**Work task**
Could you output each line below exactly as it appears, excluding any pictures?
*** Input data ***
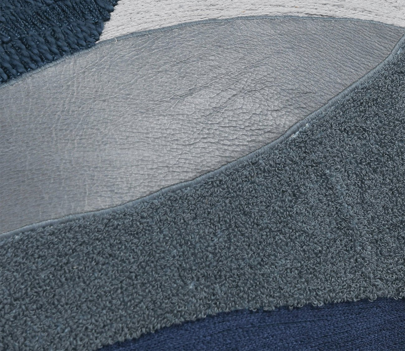 - Hand-applied and embroidered fabric pieces overlap at the front in shades of blue.
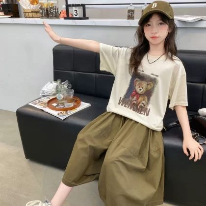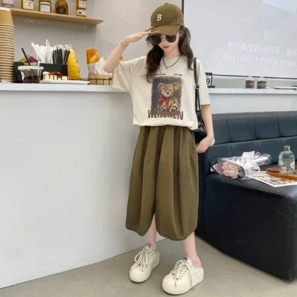 Girls and older children's pure cotton casual two-piece set for junior high school students with short sleeves
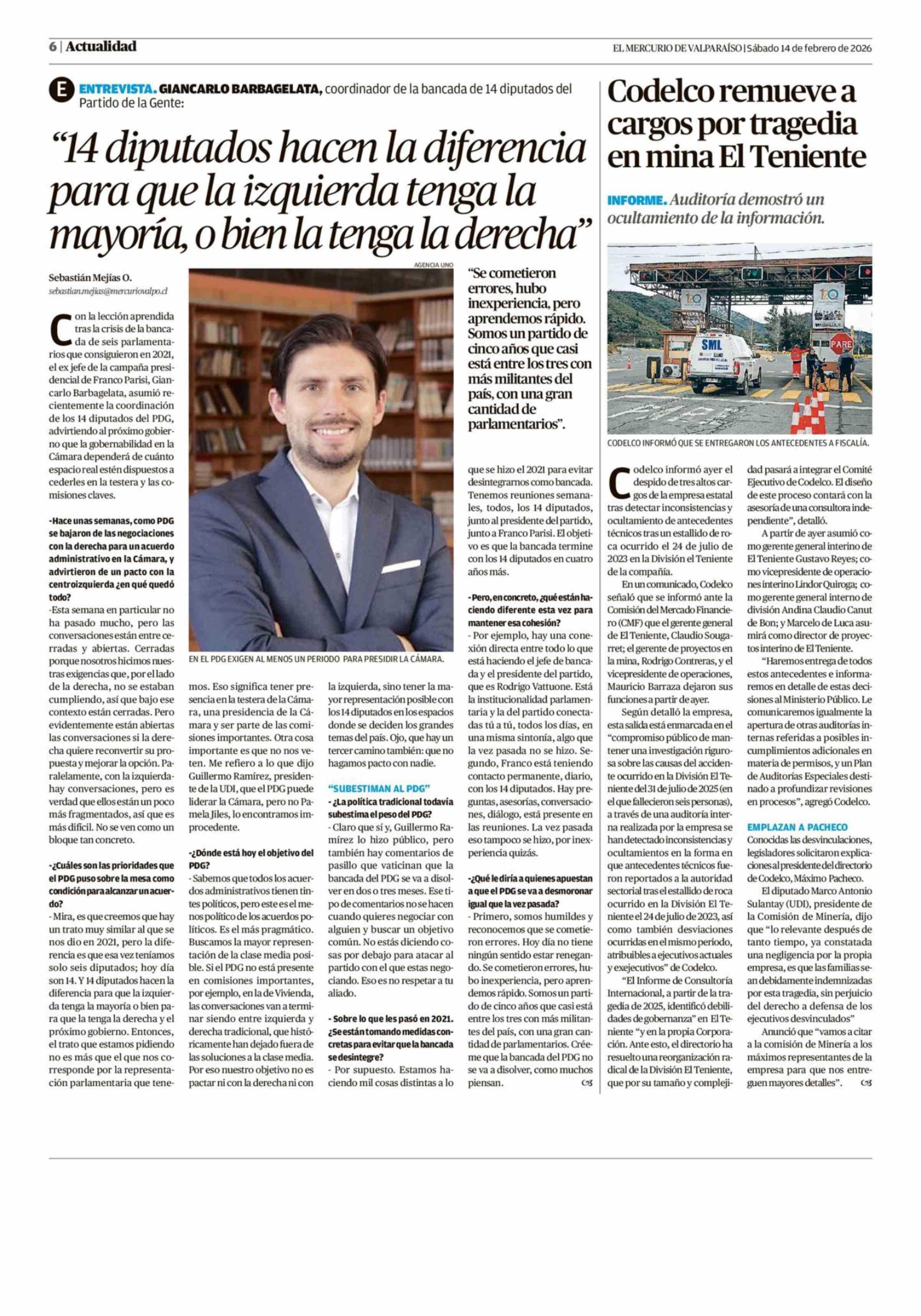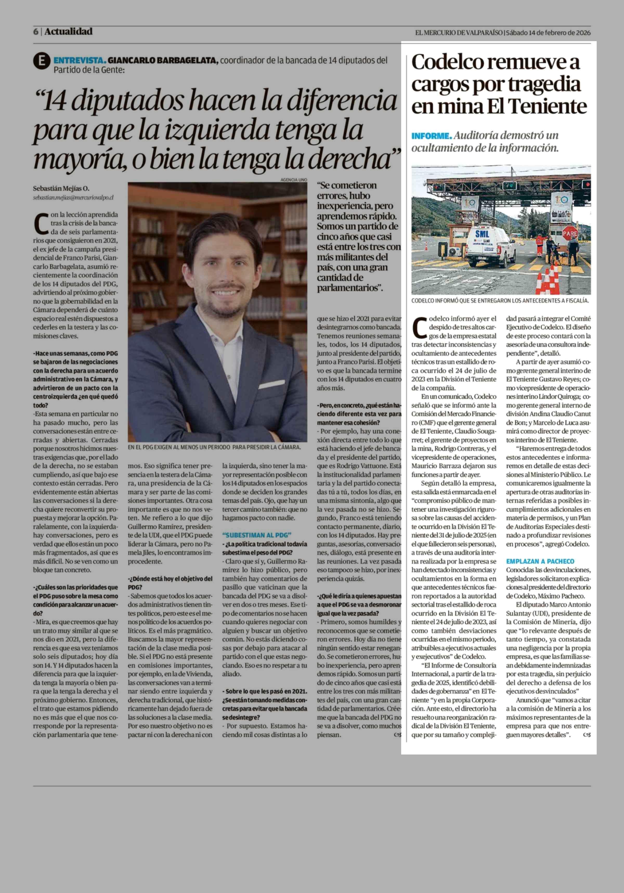 Codelco remueve a cargos por tragedia en mina El Teniente 14-02-2026 El Mercurio de Valparaíso |
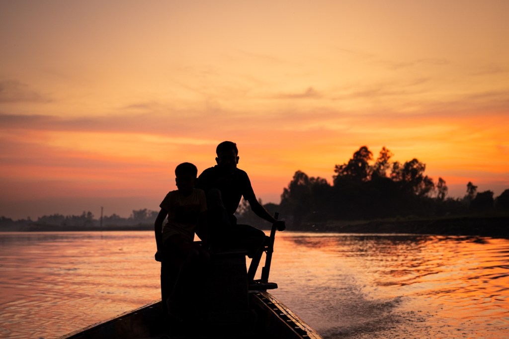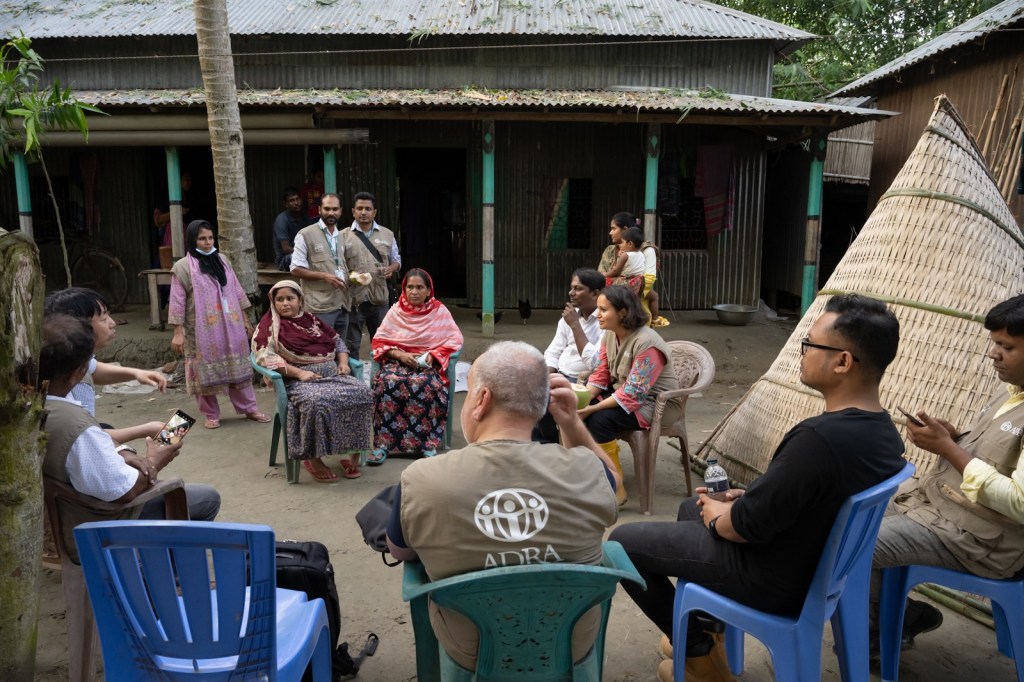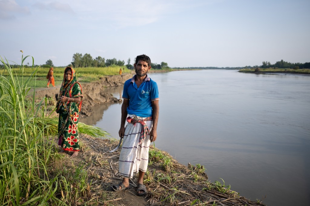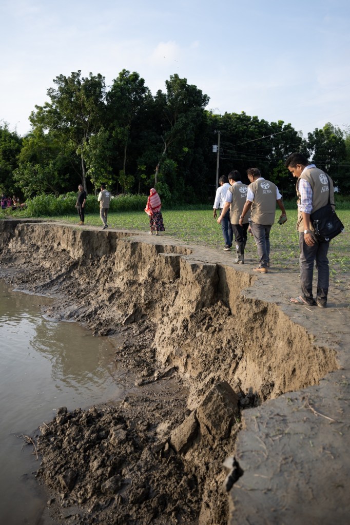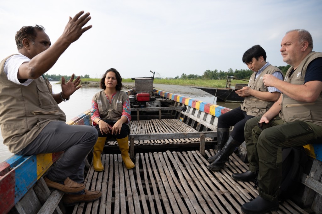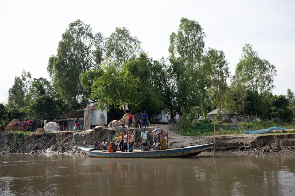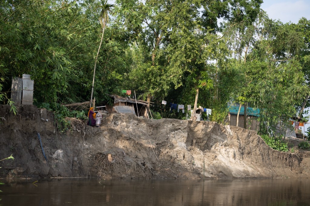 Sonen som fick hjälpa hans pappa med att sköta och köra båten vi åkte med. Joel hade många berättelse från området, dit han kom för 15 år sedan. Här kunde man se stora effekter av landerosionen kring vattnet. Mer och mer land försvinner ned i vattnet varje år och människorna måste hela tiden överväga att flytta eller inte. Samtidigt vill de bo nära vattnet, kanske för att det mest är den verkligheten de känner till Vi brukar ofta prata om vilket avstånd latriner (längst till vänster) ska vara långt ifrån vatten, men hur gör man när det bara är vatten runt omkring och att det försvinner land. För mig en nyhet och ännu en olöst fråga. Vi steg av båten för att träffa några bybor. Var rejält lerigt, framförallt närmare mer fast land, som inte syns här. Här var det fortfarande frid och fröjd. Nästa stopp på andra sidan floden och en familj som ingick i ADRAs Community Based Organisation (CBO). Detta par hade dock inte med att göra, men levde också längs floden. Delar av kanten satt löst och delar av stigen hade redan rasat ned. Möten och diskussioner kring hur allting var och är…Familjeöverhuvudet. Fick även stifta bekantskap med kolfilter och vattenrening, framförallt för att bli av med järnsmaken på vattnet. En idé från Joel som påminner mycket om annan vattenrening i hushållet. På vägen tillbaka visade Joel hur det såg ut för 4 månader sedan när de åkte motorcykel mellan byarna på den torrlagda flodbädden. Vi fick även se solnedgången från vattnet. En mäktig himmel med härliga färger blev det ocksåTillbaka på land och på väg till bilen. Härefter åkte vi till hotellet, nästan en timme bort, som låg där Brahmaputra och Padma (Ganges) går ihop och fortsätter söderut.
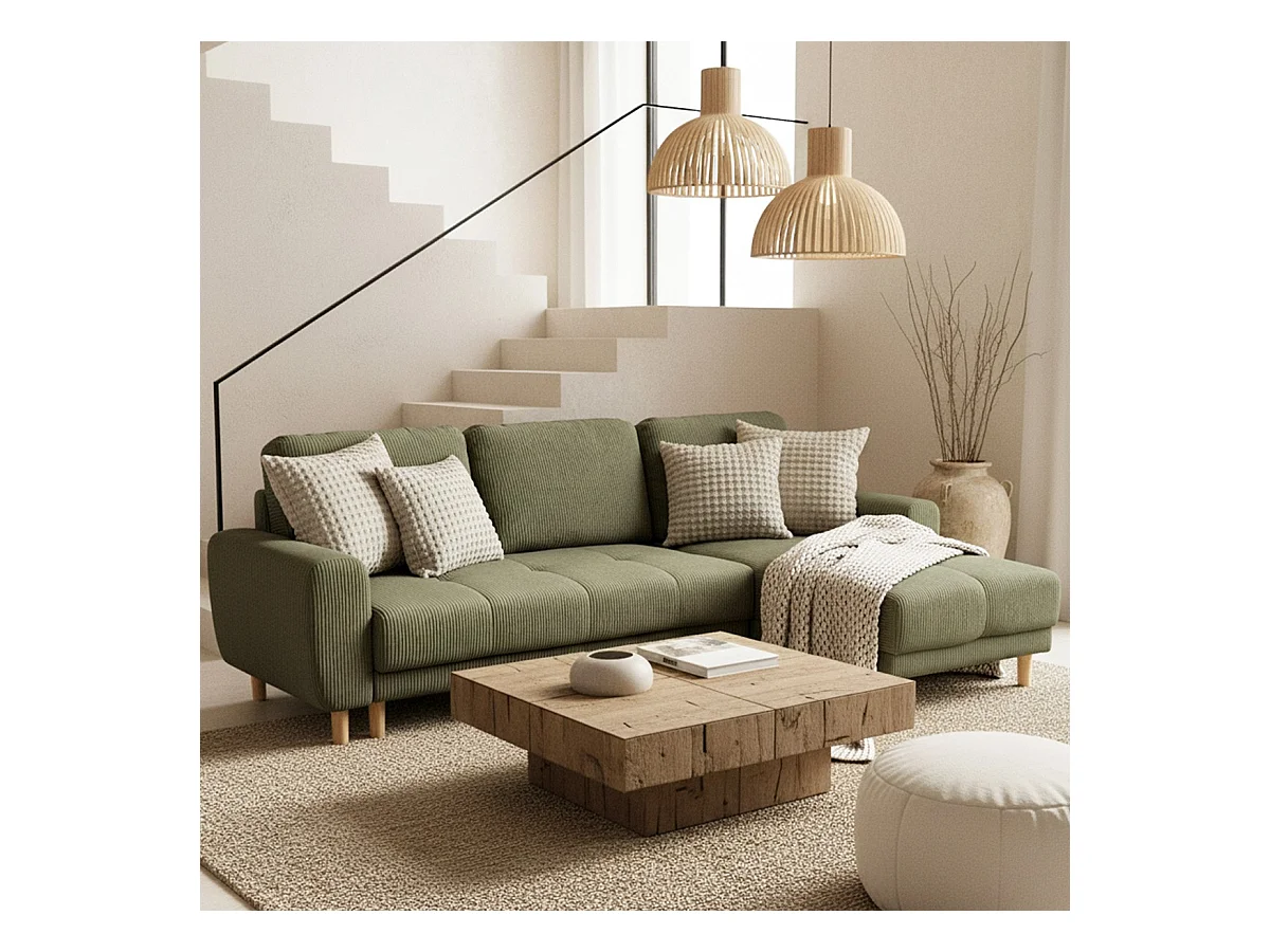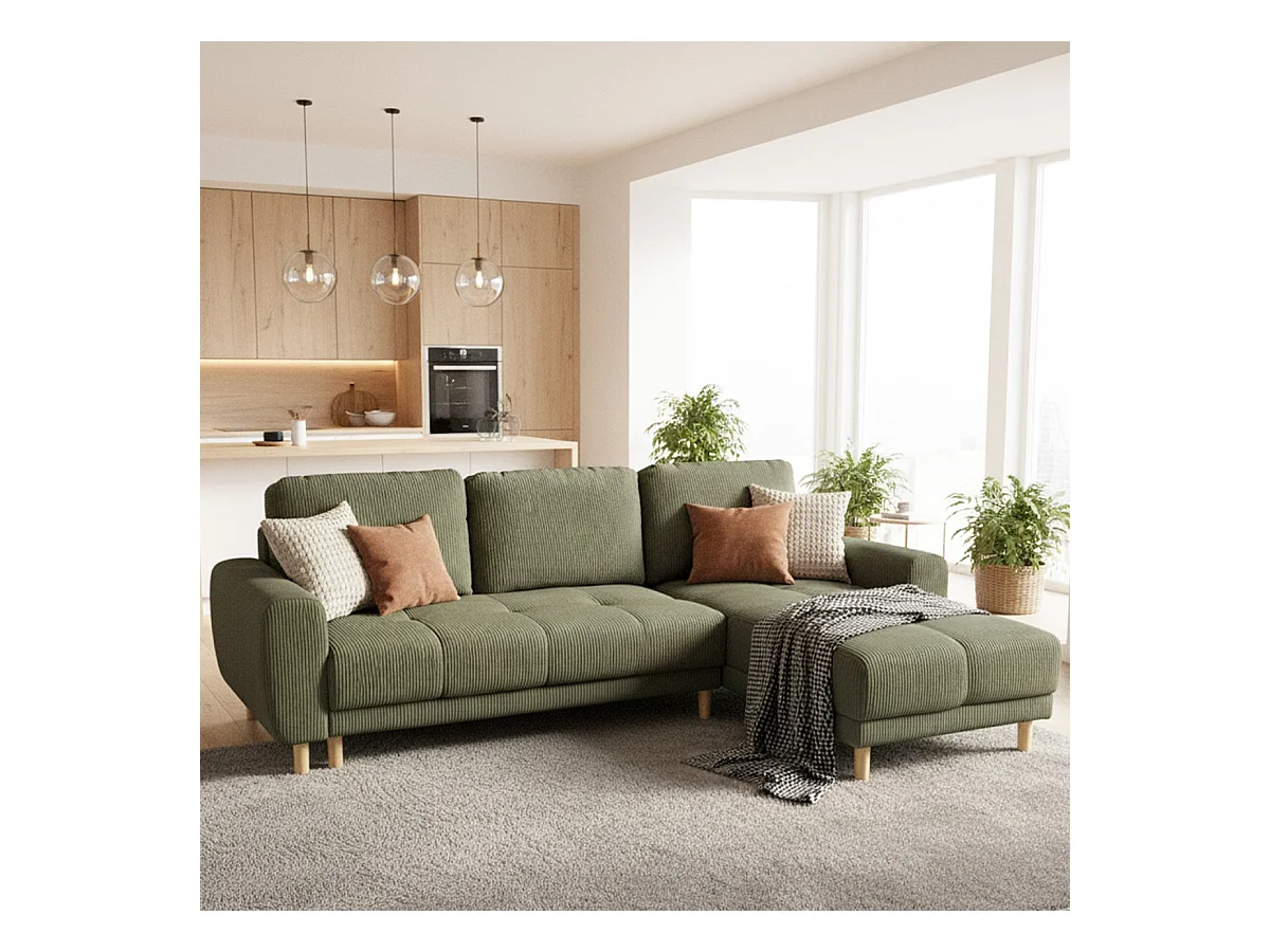 Canapé d'angle convertible réversible 3/4 places en velours côtelé vert kaki - Alva
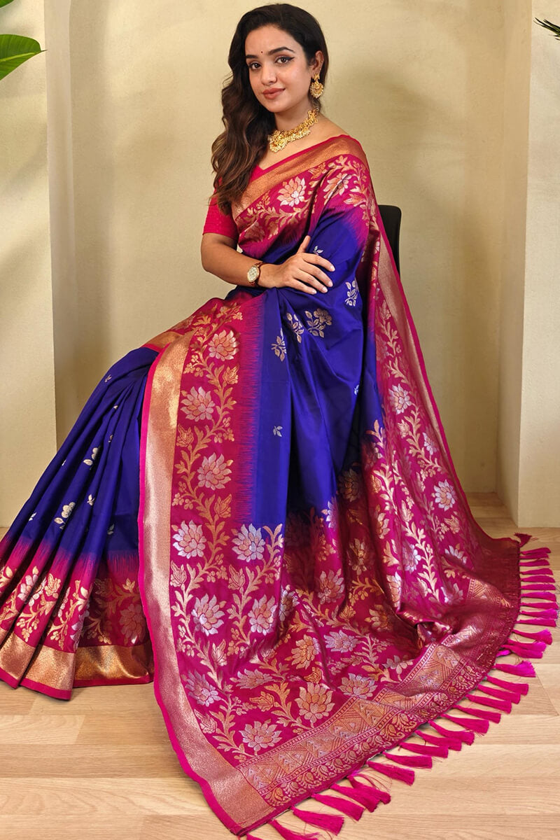 The Persian Blue Banarasi Silk Saree is an ode to elegance steeped in history. The rich blue fabric is accentuated by an intricately woven chaap border, resulting in a graceful ensemble ideal for evening occasions and festive moments.
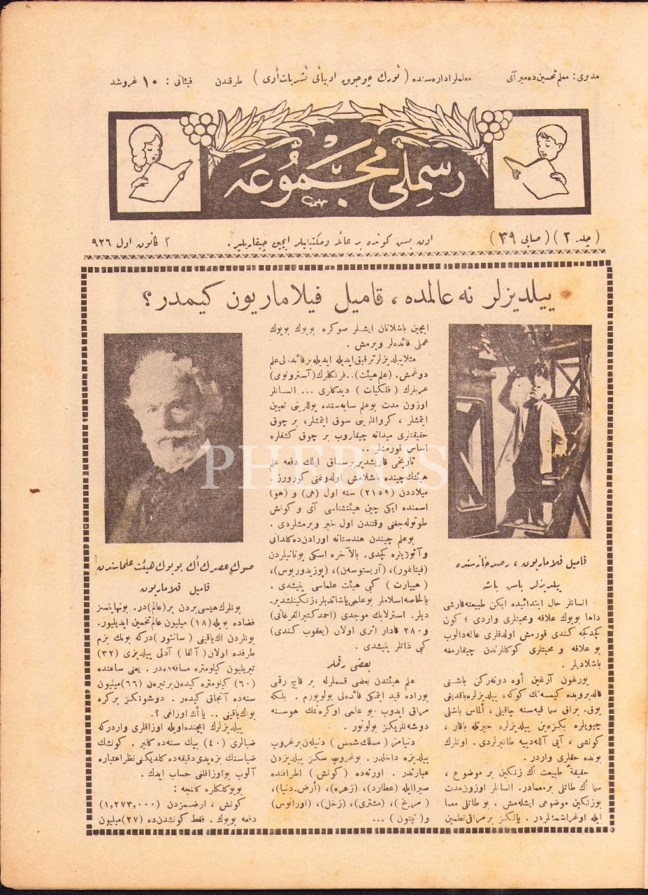 "Aile ve mektebliler" dergisi Resimli Mecmua´nın 39. sayısı, 2 Kanunuevvel 1926, "Yıldızlar ne âlemde, Camille Flammarion kimdir?" başlıklı kapak yazısıyla, 23x30 cm
*** End of Input data ***
**Answer section**
 - Hand-applied and embroidered fabric pieces overlap at the front in shades of blue.
 Girls and older children's pure cotton casual two-piece set for junior high school students with short sleeves
 Codelco remueve a cargos por tragedia en mina El Teniente 14-02-2026 El Mercurio de Valparaíso |
 Sonen som fick hjälpa hans pappa med att sköta och köra båten vi åkte med. Joel hade många berättelse från området, dit han kom för 15 år sedan. Här kunde man se stora effekter av landerosionen kring vattnet. Mer och mer land försvinner ned i vattnet varje år och människorna måste hela tiden överväga att flytta eller inte. Samtidigt vill de bo nära vattnet, kanske för att det mest är den verkligheten de känner till Vi brukar ofta prata om vilket avstånd latriner (längst till vänster) ska vara långt ifrån vatten, men hur gör man när det bara är vatten runt omkring och att det försvinner land. För mig en nyhet och ännu en olöst fråga. Vi steg av båten för att träffa några bybor. Var rejält lerigt, framförallt närmare mer fast land, som inte syns här. Här var det fortfarande frid och fröjd. Nästa stopp på andra sidan floden och en familj som ingick i ADRAs Community Based Organisation (CBO). Detta par hade dock inte med att göra, men levde också längs floden. Delar av kanten satt löst och delar av stigen hade redan rasat ned. Möten och diskussioner kring hur allting var och är…Familjeöverhuvudet. Fick även stifta bekantskap med kolfilter och vattenrening, framförallt för att bli av med järnsmaken på vattnet. En idé från Joel som påminner mycket om annan vattenrening i hushållet. På vägen tillbaka visade Joel hur det såg ut för 4 månader sedan när de åkte motorcykel mellan byarna på den torrlagda flodbädden. Vi fick även se solnedgången från vattnet. En mäktig himmel med härliga färger blev det ocksåTillbaka på land och på väg till bilen. Härefter åkte vi till hotellet, nästan en timme bort, som låg där Brahmaputra och Padma (Ganges) går ihop och fortsätter söderut.
 Canapé d'angle convertible réversible 3/4 places en velours côtelé vert kaki - Alva
 The Persian Blue Banarasi Silk Saree is an ode to elegance steeped in history. The rich blue fabric is accentuated by an intricately woven chaap border, resulting in a graceful ensemble ideal for evening occasions and festive moments.
 "Aile ve mektebliler" dergisi Resimli Mecmua´nın 39. sayısı, 2 Kanunuevvel 1926, "Yıldızlar ne âlemde, Camille Flammarion kimdir?" başlıklı kapak yazısıyla, 23x30 cm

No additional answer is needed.